* Brief:
The data below should be copied out exactly, with its pictures omitted.

* Data excerpt:
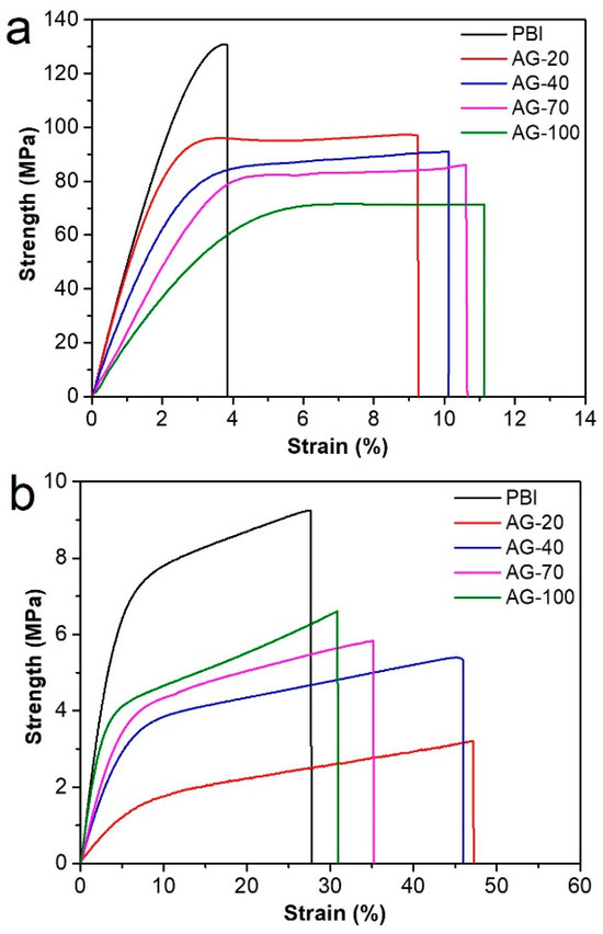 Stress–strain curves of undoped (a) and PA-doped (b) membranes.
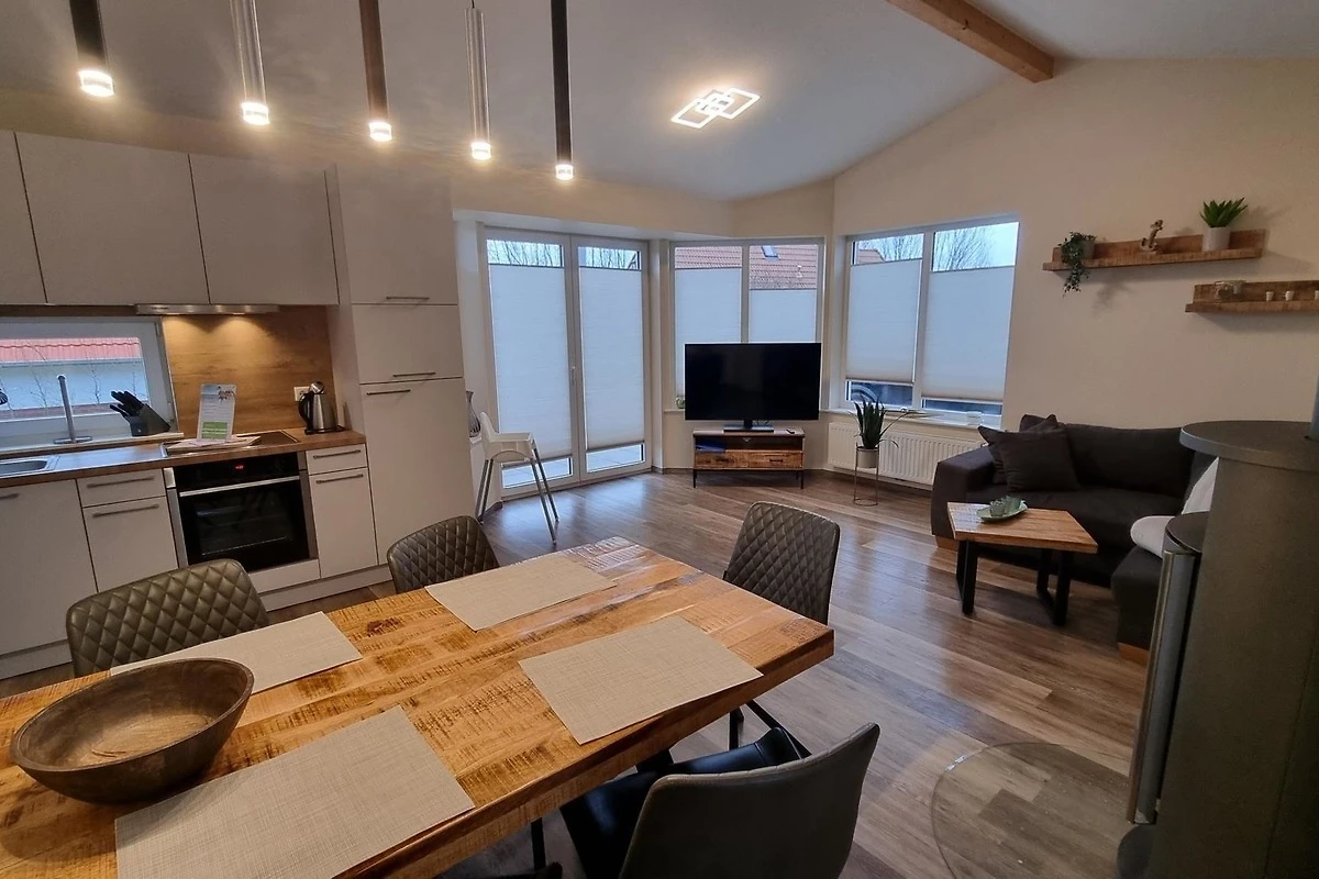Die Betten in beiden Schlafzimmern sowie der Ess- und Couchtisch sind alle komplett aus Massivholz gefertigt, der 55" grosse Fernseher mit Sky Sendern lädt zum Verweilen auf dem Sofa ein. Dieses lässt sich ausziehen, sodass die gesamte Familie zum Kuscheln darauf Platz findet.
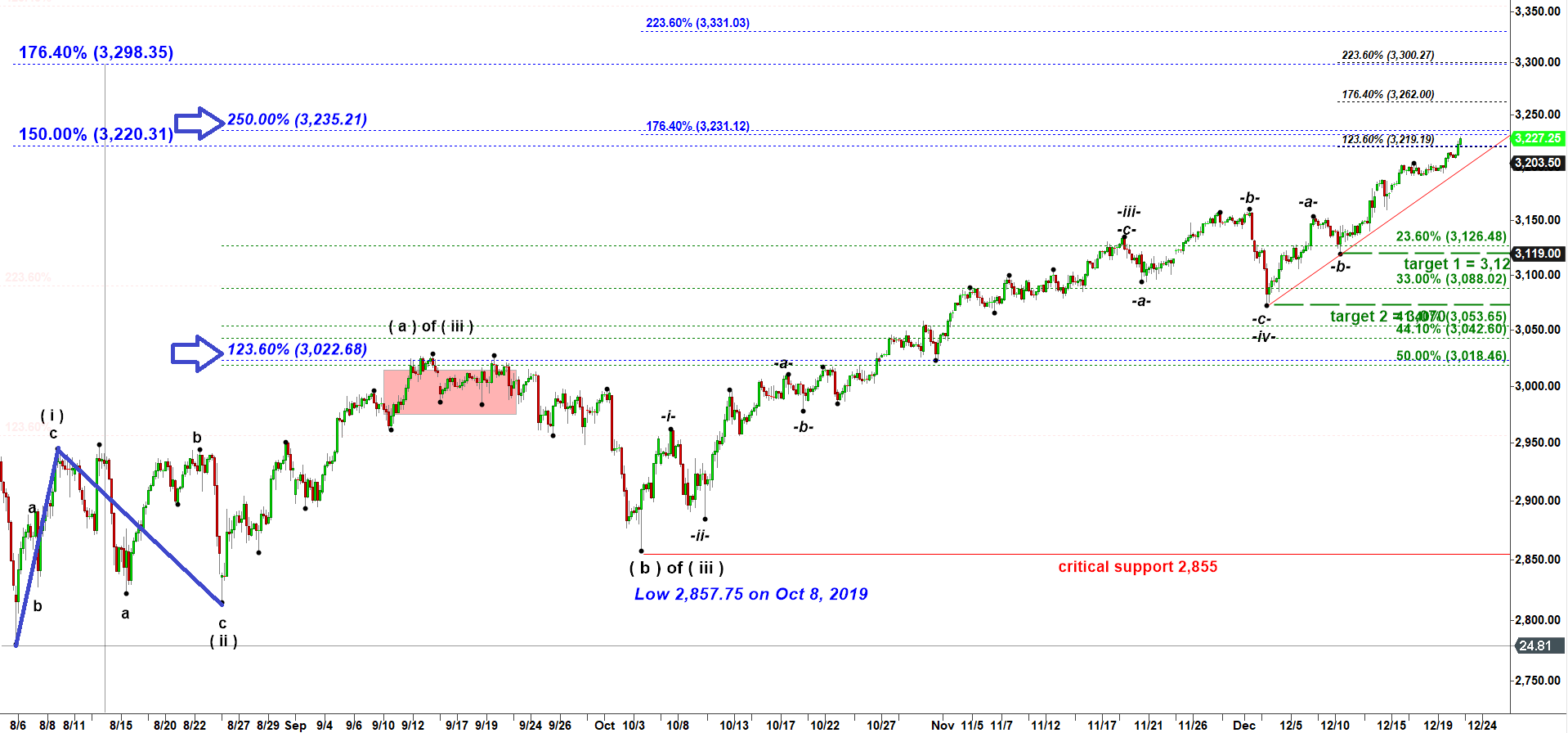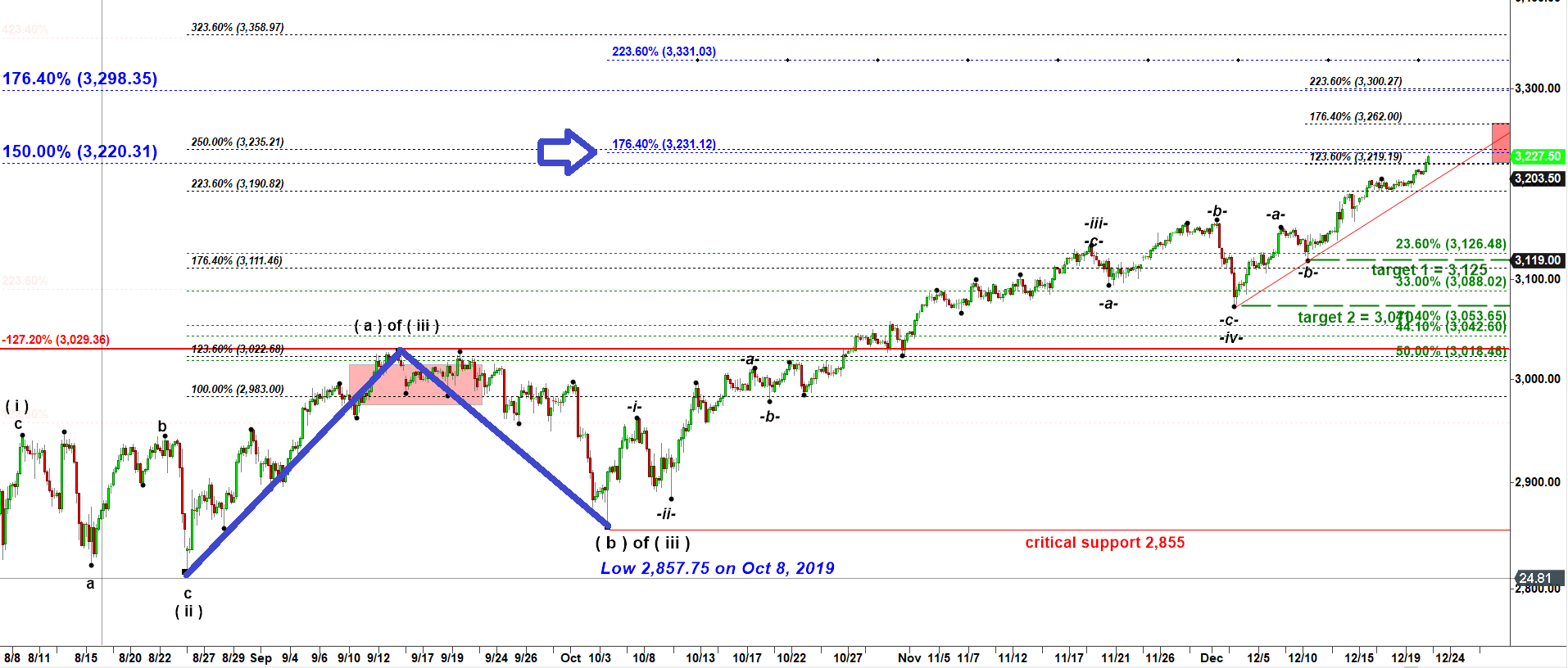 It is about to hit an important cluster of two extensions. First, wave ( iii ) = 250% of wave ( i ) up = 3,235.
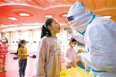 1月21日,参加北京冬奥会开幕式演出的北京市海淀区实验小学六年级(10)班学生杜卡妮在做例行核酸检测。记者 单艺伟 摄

* Task response:
 Stress–strain curves of undoped (a) and PA-doped (b) membranes.
Die Betten in beiden Schlafzimmern sowie der Ess- und Couchtisch sind alle komplett aus Massivholz gefertigt, der 55" grosse Fernseher mit Sky Sendern lädt zum Verweilen auf dem Sofa ein. Dieses lässt sich ausziehen, sodass die gesamte Familie zum Kuscheln darauf Platz findet.
 It is about to hit an important cluster of two extensions. First, wave ( iii ) = 250% of wave ( i ) up = 3,235.
 1月21日,参加北京冬奥会开幕式演出的北京市海淀区实验小学六年级(10)班学生杜卡妮在做例行核酸检测。记者 单艺伟 摄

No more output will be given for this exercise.